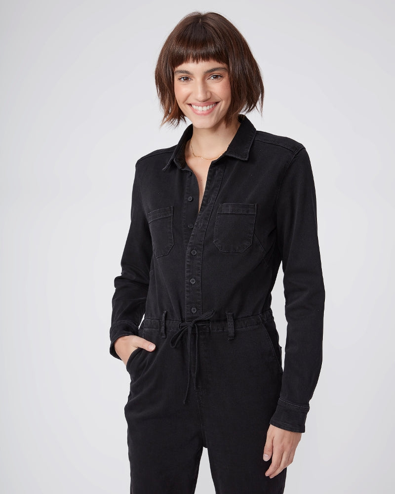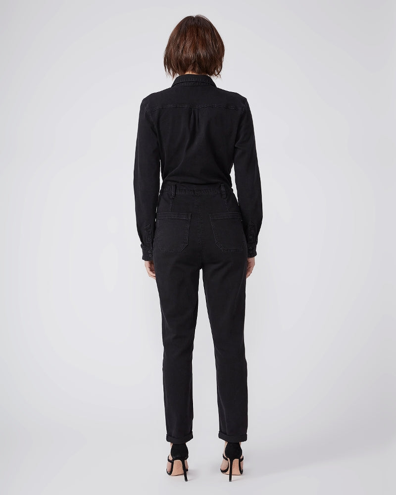 After the success of the Christy Pant Paige have created the Christy Jumpsuit. Featuring long sleeves, a drawstring wait, a box pleat in the back and a slightly relaxed tapered leg and crafted from stretch denim in vintage black this jumpsuit is one you'll reach for again and again. Looks just as good dressed down with trainers as it does dressed up with a heel.
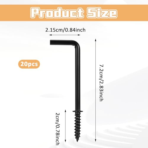 Return Policy Fast Delivery Trusted seller 20 Pcs 1 Shape Screw Hooks 2 Inch L Shape Hooks 7 Shape Right Angle Medal Hooks Wall Hooks L Hooks for Hanging Right Angle Hooks Metal Screw in Hooks for Indoor Outdoor Hanging (Black) Product Description 【Large Size】2-inch L-shaped hook, the hook length is relatively long, you can hang multiple items. 【Reliable Material】 The L-shaped hook is made of stainless steel, which is corrosion-resistant and rust-proof, smooth and burr-free, and will not scratch your hands or items. The stylish black appearance adds charm and perfectly blends into most home decoration styles. 【Easy to Install】The metal hook can be easily screwed into wood, walls, and ceilings. You can pre-drill a small guide hole first, and then tighten it by hand or use tools. 【Keep Tidy】The screw-in hook can keep small items or jewelry neat and organized, no longer worrying about tangled necklaces or looking for small items. 【Wide Application】The black screw-in hook is suitable for kitchens, living rooms, bathrooms, gardens, garages, cabinets, porches, fences, etc., to meet your daily hanging needs at home. Shipping Returns Payment Shipping Shipping is FREE to all addresses other than APO/PO boxes in the lower 48 states. All our stock ships from US-based warehouses. Shipped via USPS or UPS (depending on location and package weight) Unless stated otherwise, all orders will ship within 24-72 hours of your payment being processed. Check our feedback to see the great reviews of FAST shipping we offer. Returns Seller does not accept returns Payment We currently accept payment via eBay managed payments only. Once payment is cleared, we will dispatch your shipment within 1-3 business days. Please refer to the "Shipping" tab for more information regarding shipping speed to your destination.
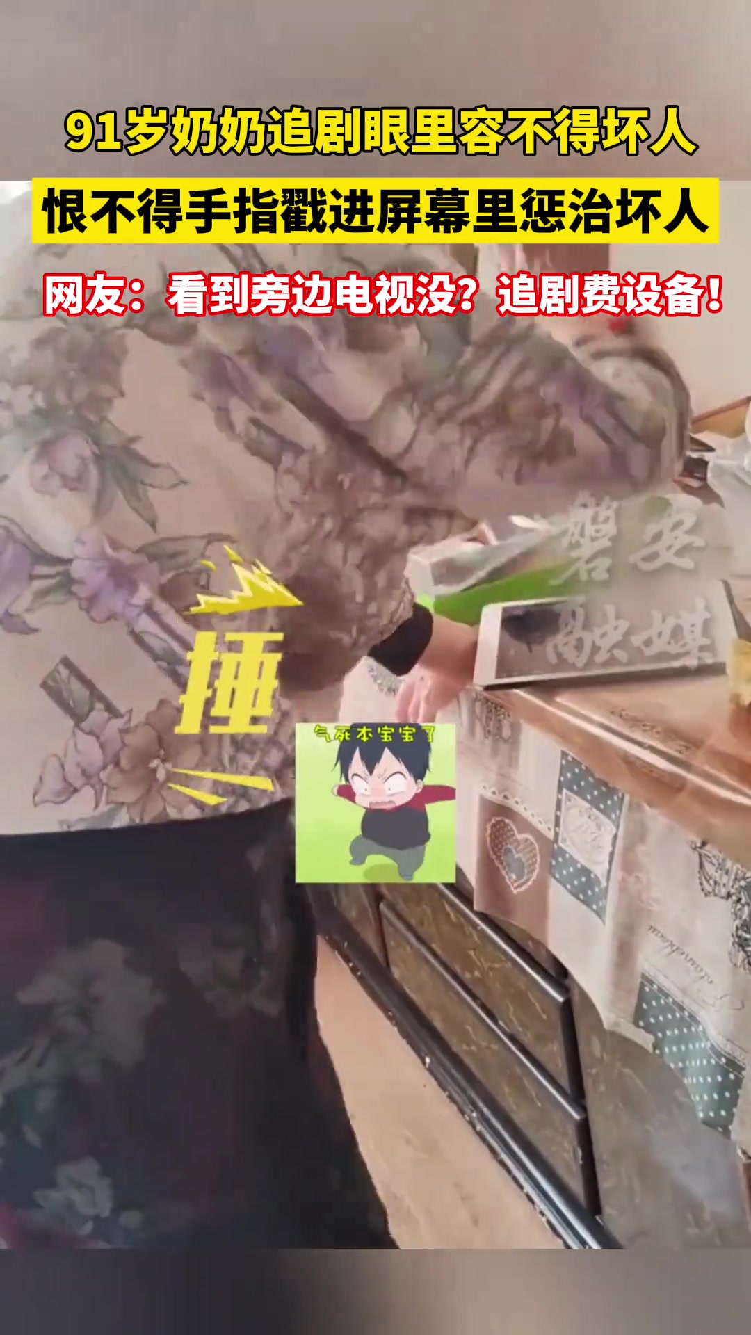 >91岁奶奶追剧眼里容不得坏人,恨不得手指戳进屏幕里惩治坏人!

· · · ·

[DESCRIPTION OF THE TASK] When you reproduce the data shown above, keep each line exact and omit every picture.

[RESULT BELOW]
 After the success of the Christy Pant Paige have created the Christy Jumpsuit. Featuring long sleeves, a drawstring wait, a box pleat in the back and a slightly relaxed tapered leg and crafted from stretch denim in vintage black this jumpsuit is one you'll reach for again and again. Looks just as good dressed down with trainers as it does dressed up with a heel.
 Return Policy Fast Delivery Trusted seller 20 Pcs 1 Shape Screw Hooks 2 Inch L Shape Hooks 7 Shape Right Angle Medal Hooks Wall Hooks L Hooks for Hanging Right Angle Hooks Metal Screw in Hooks for Indoor Outdoor Hanging (Black) Product Description 【Large Size】2-inch L-shaped hook, the hook length is relatively long, you can hang multiple items. 【Reliable Material】 The L-shaped hook is made of stainless steel, which is corrosion-resistant and rust-proof, smooth and burr-free, and will not scratch your hands or items. The stylish black appearance adds charm and perfectly blends into most home decoration styles. 【Easy to Install】The metal hook can be easily screwed into wood, walls, and ceilings. You can pre-drill a small guide hole first, and then tighten it by hand or use tools. 【Keep Tidy】The screw-in hook can keep small items or jewelry neat and organized, no longer worrying about tangled necklaces or looking for small items. 【Wide Application】The black screw-in hook is suitable for kitchens, living rooms, bathrooms, gardens, garages, cabinets, porches, fences, etc., to meet your daily hanging needs at home. Shipping Returns Payment Shipping Shipping is FREE to all addresses other than APO/PO boxes in the lower 48 states. All our stock ships from US-based warehouses. Shipped via USPS or UPS (depending on location and package weight) Unless stated otherwise, all orders will ship within 24-72 hours of your payment being processed. Check our feedback to see the great reviews of FAST shipping we offer. Returns Seller does not accept returns Payment We currently accept payment via eBay managed payments only. Once payment is cleared, we will dispatch your shipment within 1-3 business days. Please refer to the "Shipping" tab for more information regarding shipping speed to your destination.
 >91岁奶奶追剧眼里容不得坏人,恨不得手指戳进屏幕里惩治坏人!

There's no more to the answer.